Cavalier is the second Williams premiere at the Cock Tavern, the first being an unpublished play in March, I Never Get Dressed Till After Dark on Sundays.

The premieres came about via Tom Erhardt - agent for the Williams estate - who had been impressed by the Tavern's Edward Bond season last year.

Artistic director Adam Spreadbury-Maher describes Cavalier as "one of the most challenging Tennessee Williams plays to stage".

For one thing it requires the Nijinsky character to perform a ballet routine on the Tavern's tiny stage, just inches from those in the front row.

"There's something visceral about sitting in somebody's living room," adds Kirk. "The great western stages are fantastic but you're always separate. Here, you are sat in that Manhattan apartment for that evening."

'Impossible play'

Why has the play remained on the shelf for so long?

Says Kirk: "The Nijinsky role was written with Rudolf Nureyev in mind, but it just never happened.

"I think it was the impossible play, because directors would say 'who the hell am I going to get to play Nureyev playing Nijinsky in this bizarre caricatured world?'

Image caption The character of Nance is based partly on Williams' sister Rose

"It's not an easy play to navigate, it comes over as camp and bit pantomime - but that's the style I think it requires. Tom [Erhardt] kept it on the shelf for many years and this just seemed the right moment to get it off and give it a go."
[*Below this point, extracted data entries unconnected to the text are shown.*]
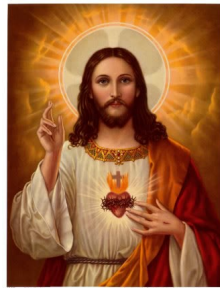
June is the Month of The Sacred Heart
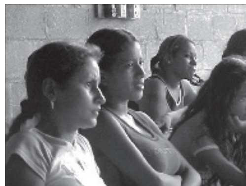
Young women at a center for at risk youth in Honduras.

Given these costs, effective violence prevention programs could save enormous
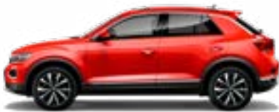
Flash Red Non-Metallic
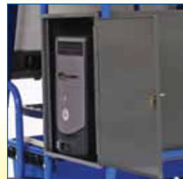
Lock Box for CPU

Kirk recently directed Williams' The Two-Character Play at London's Jermyn Street Theatre. The production transfers off-Broadway in the US in September.

How have attitudes changed to Williams in the years since his death?

"Our palette changes," concludes Kirk. "We cannot take the attitude of the 60s, 70s and 80s. We are now in 2011 so we need to revisit all these works and give them to the audience today not based on criticism or rejection from a generation ago."

Another rarely-seen Tennessee Williams play, Kingdom of Earth, opens later in April at The Print Room in Bayswater.

The play, first seen on Broadway in 1968, was last performed in London in 1984. It takes place in a decrepit farm house on the edge of the Mississippi Delta, a few hours before the valley is due to be flooded.

A Cavalier for Milady is at the Cock Tavern until 23 April. Kingdom of Earth is at The Print Room from 29 April - 28 May.